A sympathy between masters and scholars is much wanted; it is the very soul of teaching well-a certain bond that those under instruction should have a share in it. There is something of this in the Bell and Lancaster system; but it had before then been carried into practice in our public schools. Their great advantage over private schools was, that much of the discipline, as well as some of the knowledge-teaching, was left to the youths themselves. Their responsibilities gave them thought, selfreliance, and drew out into action, preparatory for the larger world, their characters. The order of the school was far better than as if a master had done it all. Every one must remember the story of little Cyrus made a judge among his playfellows. make, in a great measure, the scholar the school's regulator is an educational maxim not sufficiently understood. Scholars, like men in a free State, love the order they themselves set up, readily obey laws which themselves impose. They thus learn at once two things which most in after life are called upon in some degree or other to do to command and to obey. Are you acquainted, Eusebius, with the little history of a very great thing

To

the setting up and continuance of Price's Candle Company's Educational Establishment? If you are not, get, if you can procure, their Reports, or read an account of it in the Quarterly Review for April 1852. It is the work of one

man. He has done more to show how to set about the education of the people than a century of legislative enactments could effect, and put upon a thousand blue-books. Blessed, indeed, has been the work of one man --Mr Wilson, the manager. His maxim has been from the beginning, Oversight, not interference; so did he wondrously influence both adults and children. The narrative is most touching. Oh, if such philanthropy were but catching! I will not give you a single quotation; for if you know not this little history, you must. You will love it to your heart's core, and the originator as a prime man in England, which you will love more for having him.

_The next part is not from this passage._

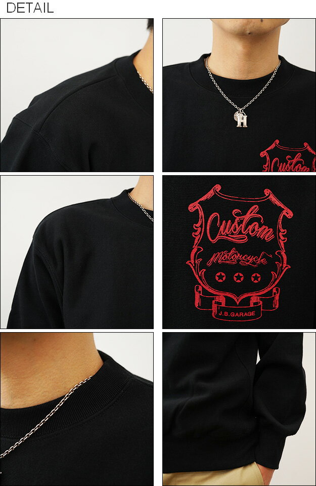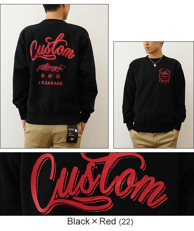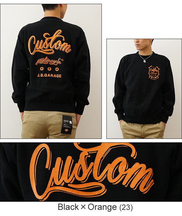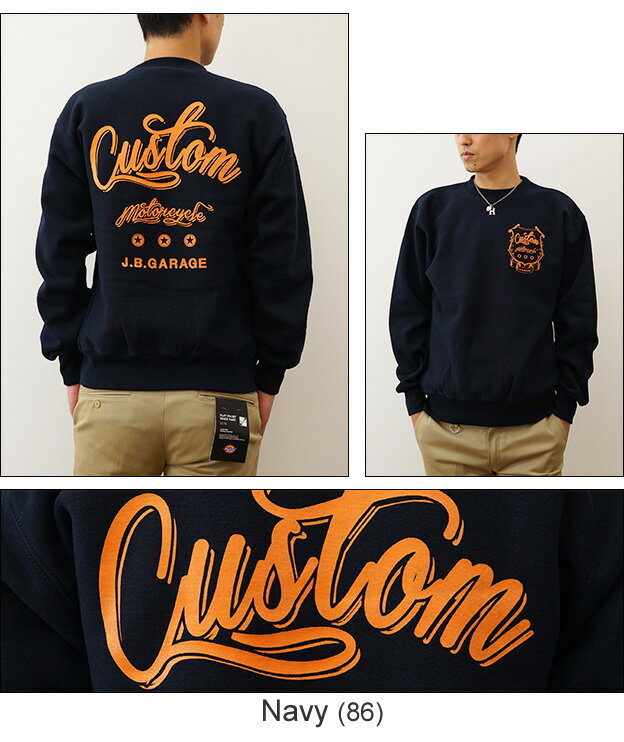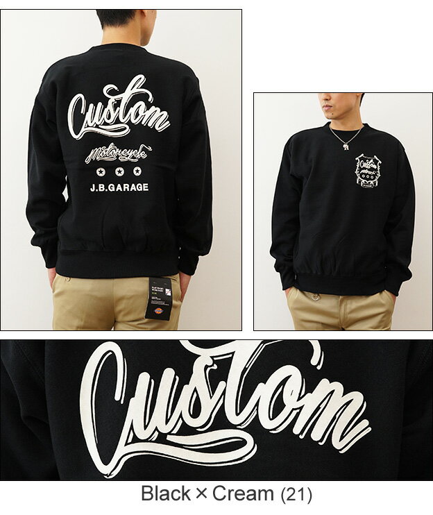 (12ozスウェット)『CUSTOM』 オリジナル バイカー プリント クルーネック スエット 長袖 ヘビーウエイト トレーナー メンズ レディース 大きいサイズ ビッグサイズ対応 厚手 裏起毛 リバースウィーブ カスタム モーターサイクル アメリカン バイク ガレージ 【12SW-CUSTO】

The beauty of such systems of education as Mr Wilson's is, that its tendency is to restore, to a better than its original state, that one good of feudality, too much of which it is the tendency of democracy to destroy the family institution-the mutual dependence-the virtue there was in later clanship-mutual relationship and dependence without a shadow of absolutism. It is the family Institution which civilises. Civilisation has been my theme throughout.

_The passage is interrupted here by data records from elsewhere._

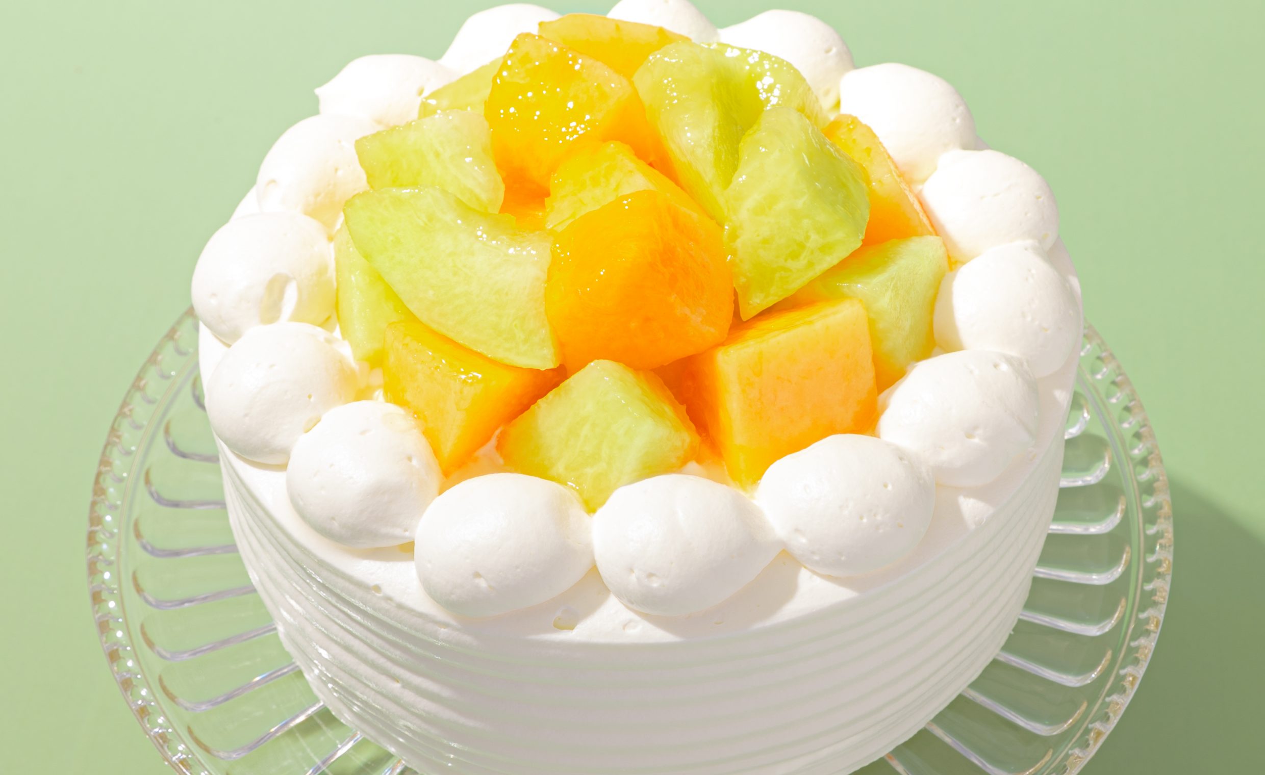 ふわふわのスポンジケーキに、なめらかなホイップクリームと赤肉・青肉メロンをサンドし、表面にもメロンを盛り付けて艶やかに仕上げました。
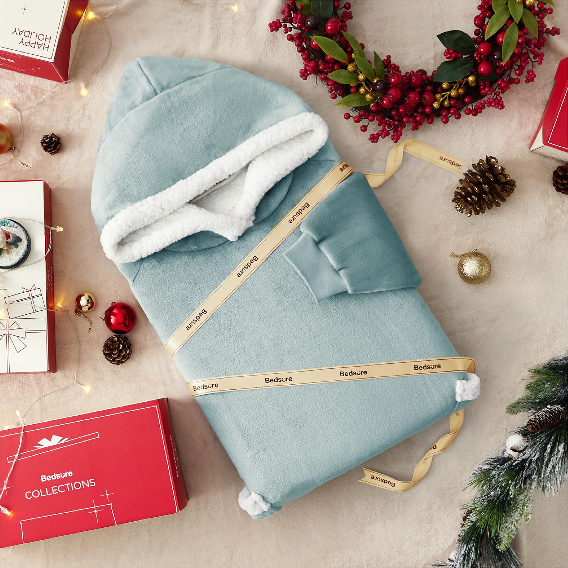 BEDSURE Hoodie Blanket with Sleeves and Hood - Sherpa Sleeve Blanket for Women, Green, 95x83cm. A perfect gift for women to stay warm and cozy in style.
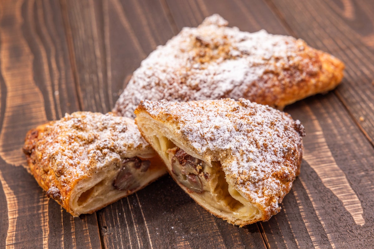 宮崎県美郷町産和栗の渋皮煮とマロンクリームを、クロワッサン生地で包み焼き上げました。生地に混ぜたコーヒークランブルのザクザク食感がアクセントに♪
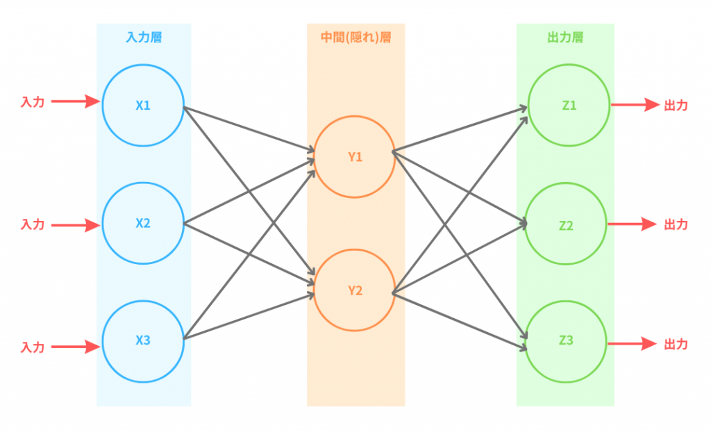 中間層(隠れ層):入力データの特徴を抽出・処理する層。多層化することでより複雑なパターンを学習できる。

There was something civilising and educationising, too, in those old sports of ours, wherein all joined. They have been too much discouraged; the bringing people together into one enjoyment is a beautiful thing; and I cannot but think that Puritanism has done some damage to this "institution of the family," by making man's own individual state too much his sole concern. There is a selfishness begat in the indulgence of the notion of a solitary passage upwards. I cannot think the angels receive so pleasantly him that would come alone. But I must not leave Census to indulge in imaginations. Census, I cannot say,

"Cynthius aurem Vellit et admonuit."

"Census, not Cynthius, twitched me by the ear."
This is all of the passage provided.